Referring back to FIG. 5 again, Table 1 will be described. "Vehicle speed" in the items in the column of Table 1 refers to the vehicle speed of the vehicle 2 that is automatically running. "Normal" and "Deceleration" are defined in "vehicle speed". "Normal" refers to a mode in which the braking/driving force is calculated based on a target speed determined based on a speed plan. "Deceleration" refers to a mode in which braking/driving force is calculated based on a speed lower than a target speed determined based on a speed plan. The higher the vehicle speed, the larger the swing of the vehicle 2 caused by the cross wind tends to become. In driving support against disturbances, the vehicle 2 is made less susceptible to the influence of crosswinds by making the vehicle speed lower than usual. Among "normal" and "deceleration", the support level of driving support for "deceleration" is higher.

"Acceleration" in the items in the column of Table 1 refers to a method of accelerating the vehicle 2 that is automatically traveling. "Normal" and "small acceleration" are defined in "acceleration". "Normal" refers to a mode in which the braking/driving force is calculated based on the target acceleration determined based on the speed plan. "Small acceleration" refers to a mode in which braking/driving force is calculated based on an acceleration lower than a target acceleration determined based on a speed plan. Acceleration in a situation in which the behavior of the vehicle 2 is unstable due to disturbance may make passengers uneasy. In driving support against disturbances, by accelerating more slowly than usual, both the follow-up to the target speed and the security of the passengers are taken into account. Among “normal” and “low acceleration”, the support level of driving support for “small acceleration” is higher.

Among the items in the columns explained above, "target trajectory" and "FB control" are items related to lateral driving support acting on the lateral motion of the vehicle 2, and "vehicle speed" and "acceleration" are related to the lateral driving support acting on the vehicle 2. Items related to front-back direction driving support for movement in the front-back direction. According to Table 1, it is characterized in that when the swing reliability (reliability of the crosswind estimated by the disturbance estimation unit 54) is low, the assistance of driving assistance in the front and rear directions is increased compared to the case where the reliability is high. The level is lower than the support level of lateral driving support.

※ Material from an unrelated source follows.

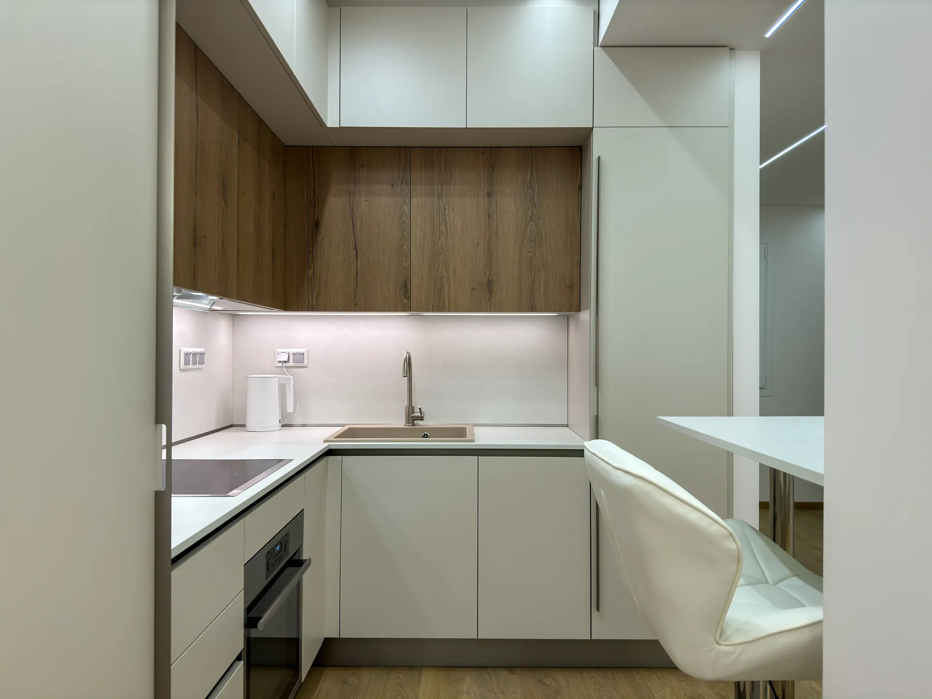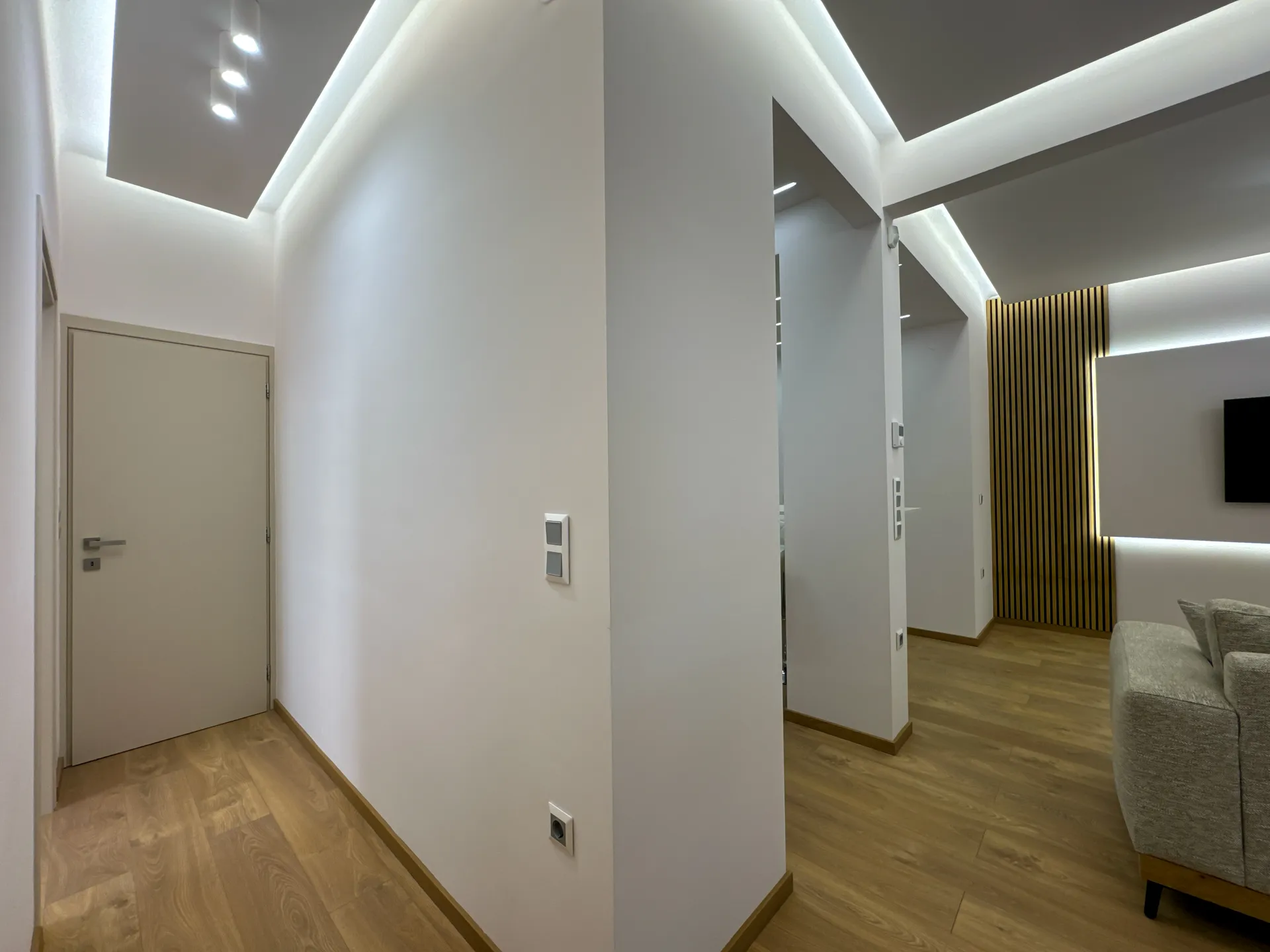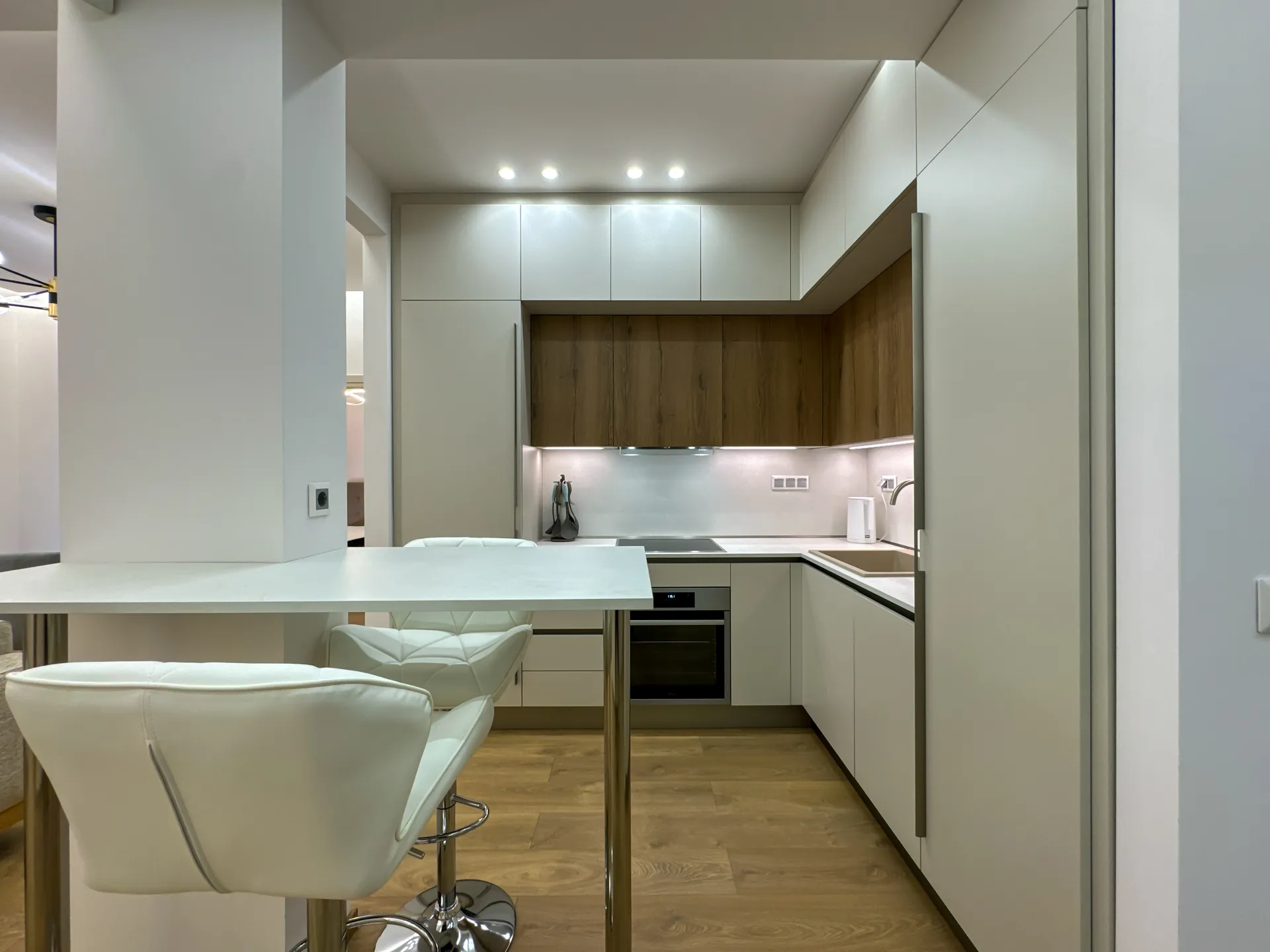 Το έργο αφορούσε την ανακαίνιση και τον εκσυγχρονισμό διαμερίσματος στην περιοχή της Μ. Αλεξάνδρου. Κεντρικός στόχος ήταν η αναβάθμιση της λειτουργικότητας και η δημιουργία ενός άνετου, φωτεινού και σύγχρονου χώρου. Στο πλαίσιο της ανακαίνισης πραγματοποιήθηκαν εργασίες αντικατάστασης δαπέδων, νέες ηλεκτρομηχανολογικές εγκαταστάσεις, καθώς και ανακατασκευή της κουζίνας και του μπάνιου με έμφαση στη λεπτομέρεια και την ποιότητα των υλικών. Παράλληλα, εφαρμόστηκαν ενεργειακές παρεμβάσεις που συμβάλλουν σε χαμηλότερη κατανάλωση και βελτιωμένη καθημερινή άνεση. Το τελικό αποτέλεσμα συνδυάζει καθαρές γραμμές, μοντέρνα αισθητική και πρακτικές λύσεις που ανταποκρίνονται στις ανάγκες των ενοίκων, αναδεικνύοντας το διαμέρισμα σε έναν χώρο ζεστό, λειτουργικό και υψηλής ποιότητας.

Even if the crosswind as a disturbance is estimated by the disturbance estimating unit 54, if the reliability is low, there is a high possibility that the vehicle 2 will not actually receive the crosswind. In a situation where the vehicle 2 is less likely to be exposed to crosswinds, by setting the assistance level of the longitudinal driving assistance lower than that of the lateral driving assistance, it is possible to suppress discomfort to the driver due to the longitudinal driving assistance. On the other hand, by relatively increasing in advance the assistance level corresponding to the lateral driving assistance with a higher contribution to the crosswind, it is possible to suppress the instability of the vehicle behavior when the vehicle 2 actually receives the crosswind.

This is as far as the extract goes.